## GIVEN RECORDS
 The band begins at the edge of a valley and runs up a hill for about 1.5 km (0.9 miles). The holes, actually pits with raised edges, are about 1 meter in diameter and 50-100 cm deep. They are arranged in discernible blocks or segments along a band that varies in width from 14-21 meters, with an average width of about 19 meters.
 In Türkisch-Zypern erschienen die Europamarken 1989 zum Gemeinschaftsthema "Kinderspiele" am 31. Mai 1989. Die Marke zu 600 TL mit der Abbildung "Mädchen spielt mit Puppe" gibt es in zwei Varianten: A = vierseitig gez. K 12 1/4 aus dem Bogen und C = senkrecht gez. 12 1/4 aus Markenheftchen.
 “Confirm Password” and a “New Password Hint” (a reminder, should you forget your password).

--

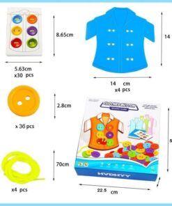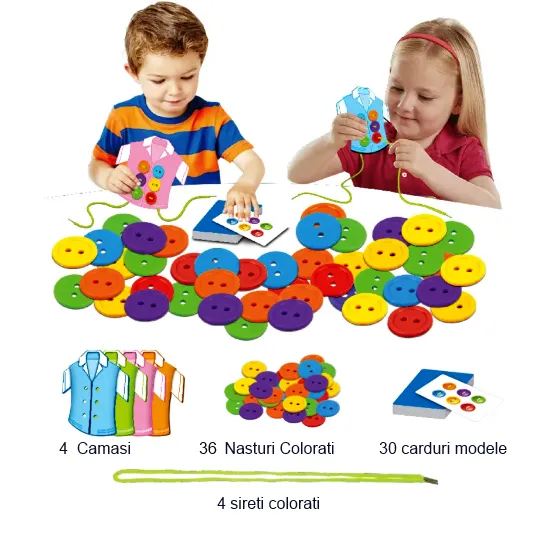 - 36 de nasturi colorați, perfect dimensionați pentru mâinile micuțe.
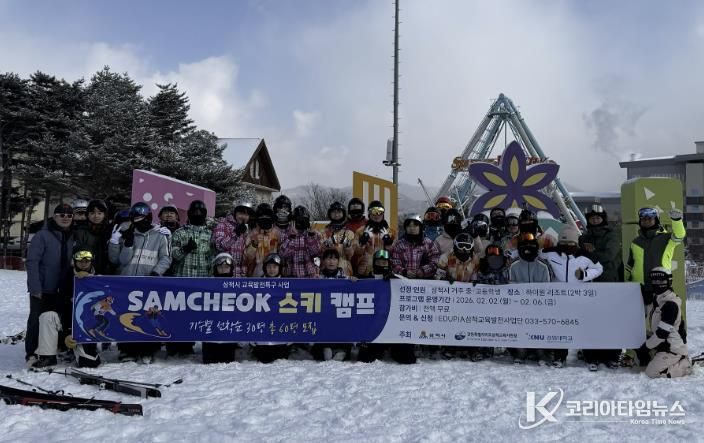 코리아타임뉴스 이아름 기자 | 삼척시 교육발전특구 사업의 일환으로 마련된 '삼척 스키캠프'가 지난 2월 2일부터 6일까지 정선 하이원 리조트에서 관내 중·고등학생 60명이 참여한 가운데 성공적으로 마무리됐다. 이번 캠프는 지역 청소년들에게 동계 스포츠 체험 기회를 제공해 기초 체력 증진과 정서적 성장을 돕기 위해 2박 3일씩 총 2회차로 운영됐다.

## TASK ITEM
Looking back over the data above, restate word for word the lines that begin at the line with "In Türkisch-Zypern erschienen" and end at the line with "forget your password).", inclusive.

## SOLUTION BELOW
 In Türkisch-Zypern erschienen die Europamarken 1989 zum Gemeinschaftsthema "Kinderspiele" am 31. Mai 1989. Die Marke zu 600 TL mit der Abbildung "Mädchen spielt mit Puppe" gibt es in zwei Varianten: A = vierseitig gez. K 12 1/4 aus dem Bogen und C = senkrecht gez. 12 1/4 aus Markenheftchen.
 “Confirm Password” and a “New Password Hint” (a reminder, should you forget your password).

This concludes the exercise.